Since December 15, the bank has sanctioned loans worth Rs. 68 crore to about 5,415 women entrepreneurs till Wednesday, officials said.

Concessional interest rates

Under the scheme, the bank is extending finance up to Rs. 5 crore per woman beneficiaries at concessional interest rates.

The rate of interest for loans up to Rs. 10 lakh is at the base rate of 10.25 per cent, while for loans exceeding Rs. 10 lakh, a concession of 0.25 per cent is being provided on applicable interest rate.

The borrower has to contribute 15 per cent margin on the loan, while the processing and documentation charges are fully waived on these loans. No collateral security and no guarantee is insisted for loans up to Rs. 10 lakh.

Available facilities

The beneficiaries can avail themselves of credit card facility without any admission fee and they can also avail themselves of various facilities such as instant global debit cards/ATM cards, SMS banking, mobile banking, Internet banking, any branch banking, SyndSuraksha insurance policy and SyndArogya health insurance cover, the statement said.

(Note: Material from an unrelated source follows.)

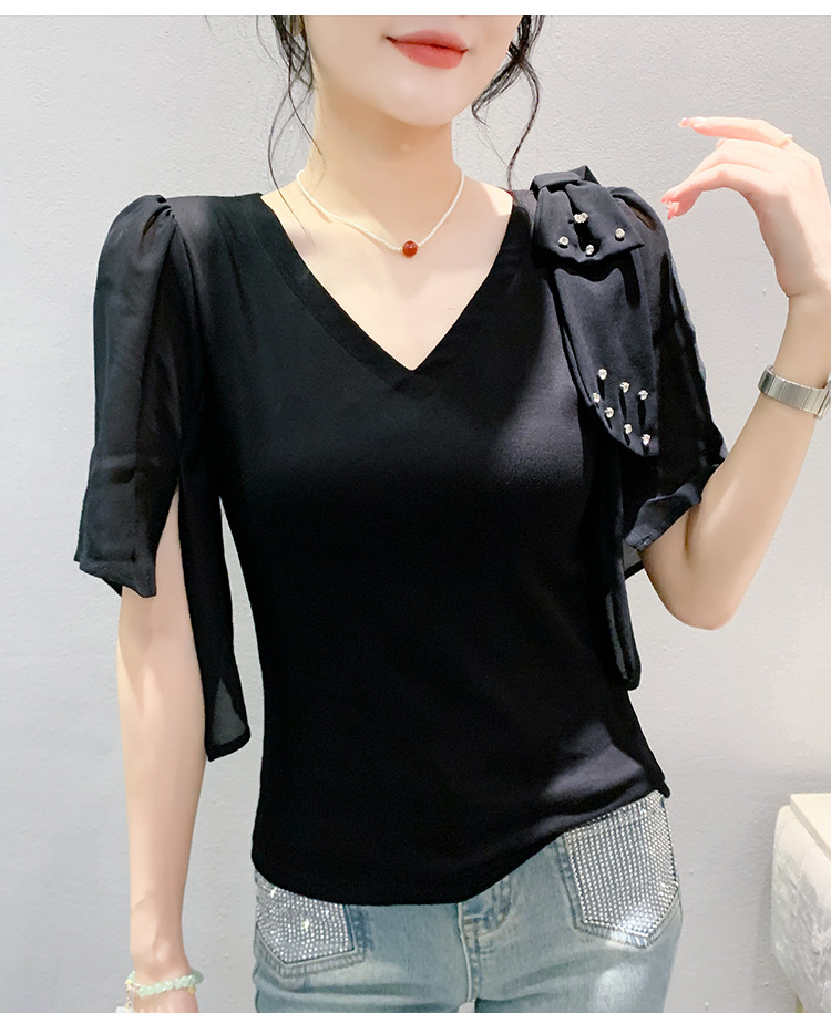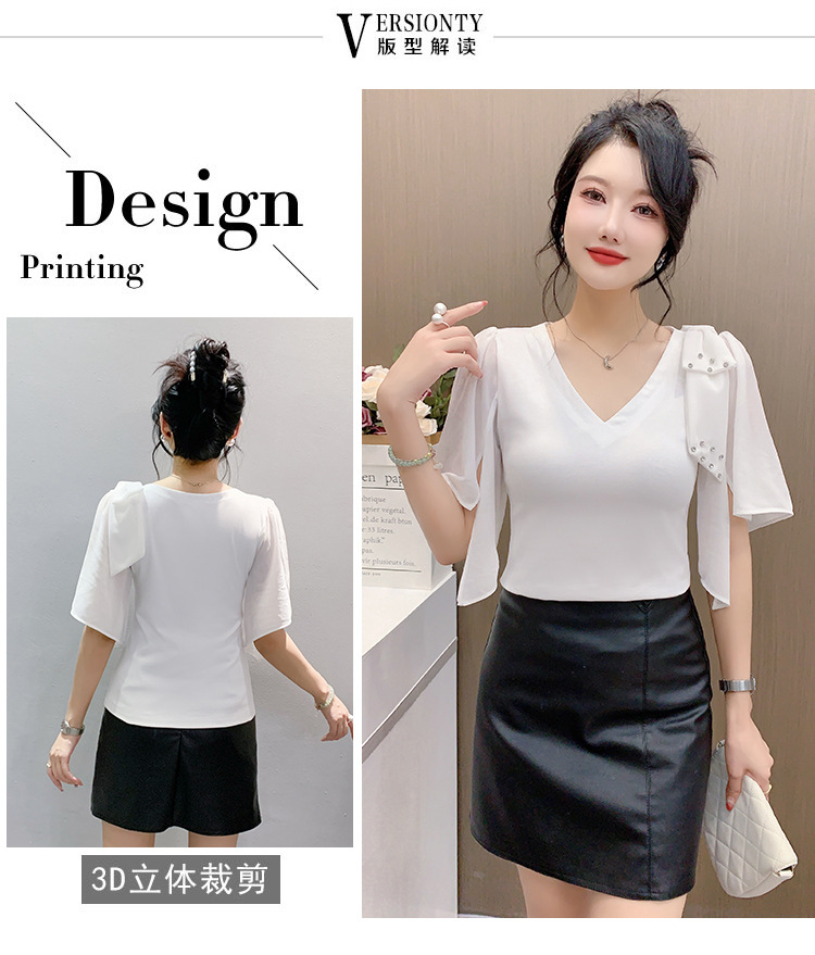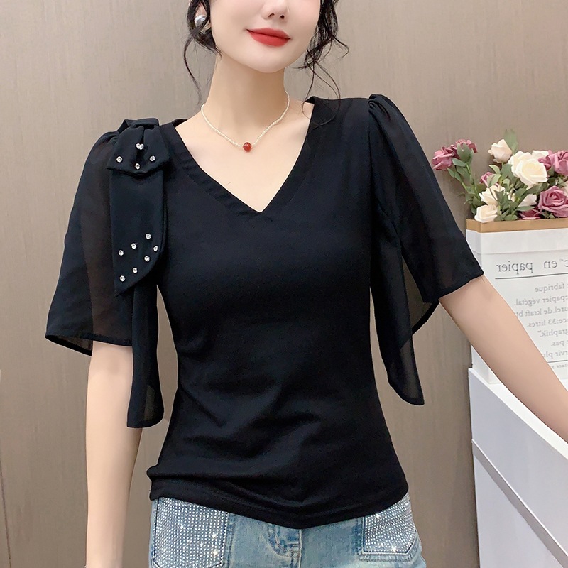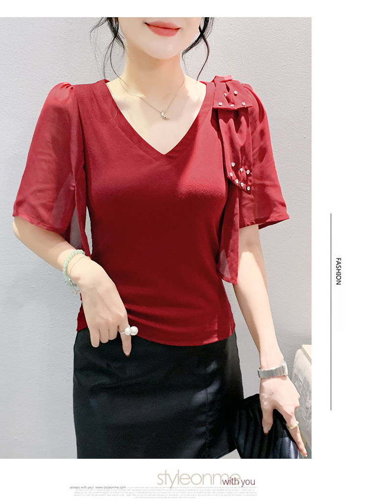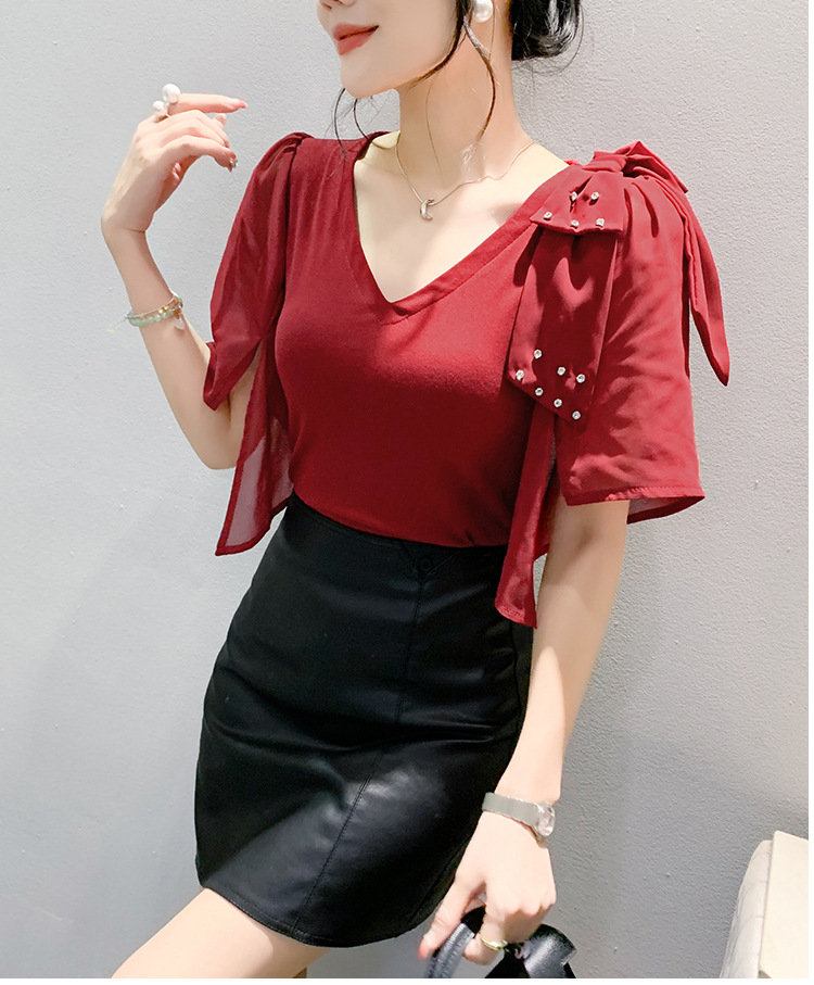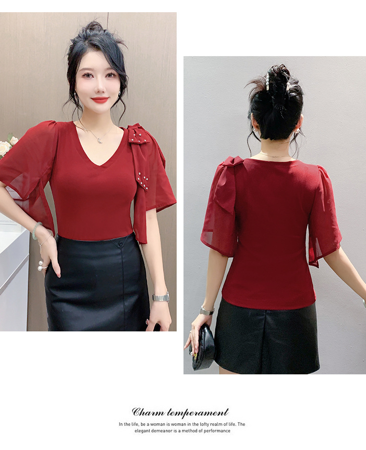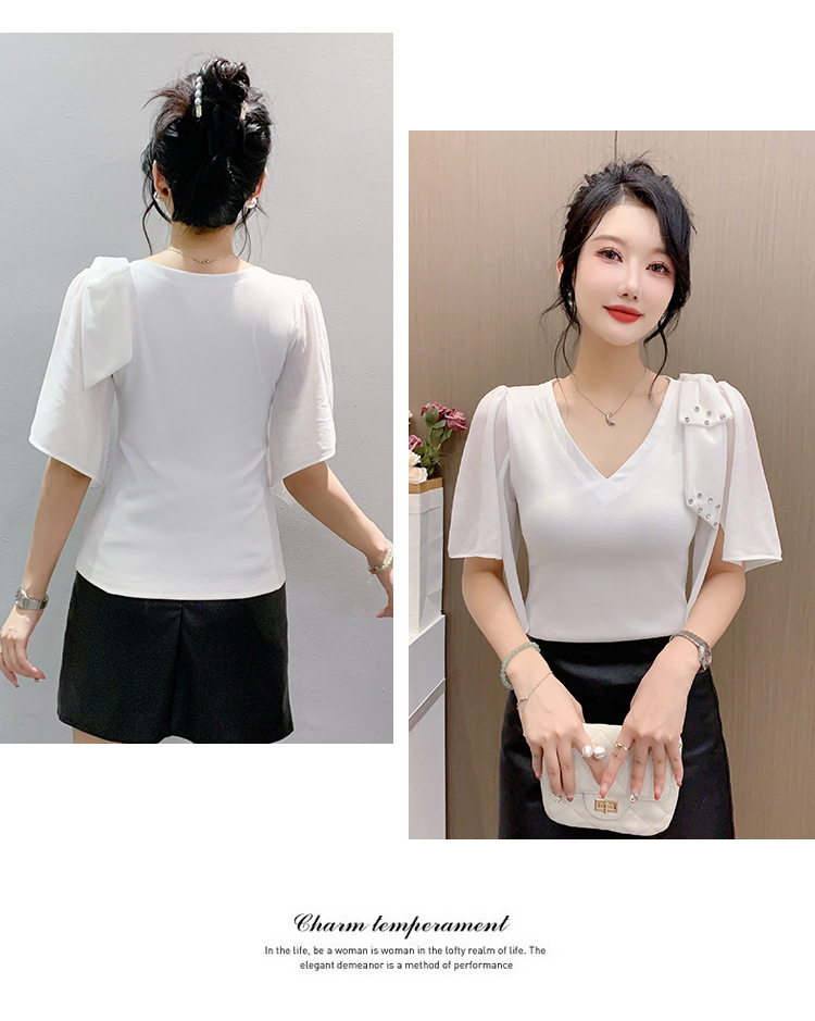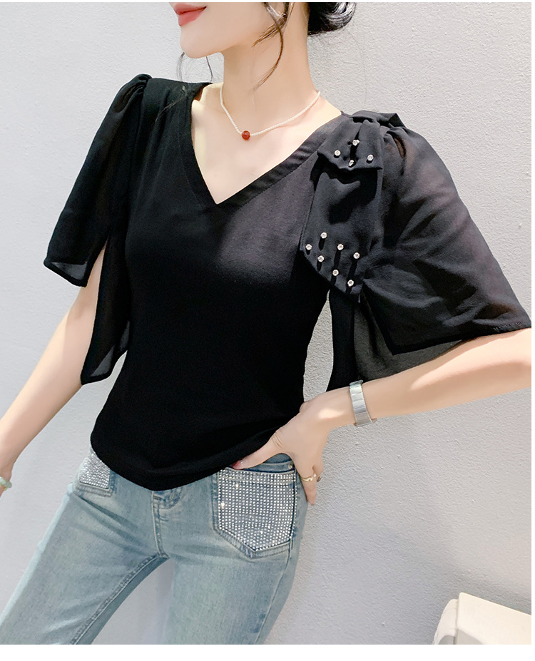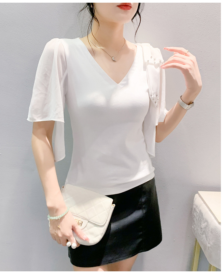 실제 촬영 여름 신작 오리지널 디자인 패셔너블하고 시크한 벨 슬리브 브이넥 여성용 다용도 티셔츠 탑 쉬폰 셔츠스토어 가기

All micro enterprises will get a rebate of 0.5 per cent in rate of interest for prompt repayment to be reimbursed at the time of closing the loan account. The loans can be repaid in a maximum period of 7 to 10 years, including repayment holiday.

The bank shall be covering all eligible borrowers under Credit Guarantee Fund Trust for Micro and Small Enterprises scheme.

Eligible borrowers can also be sponsored by district industries centre, NGOs, women and child development department and self help groups, among others. The beneficiaries will be given free skill development training across the country, it said.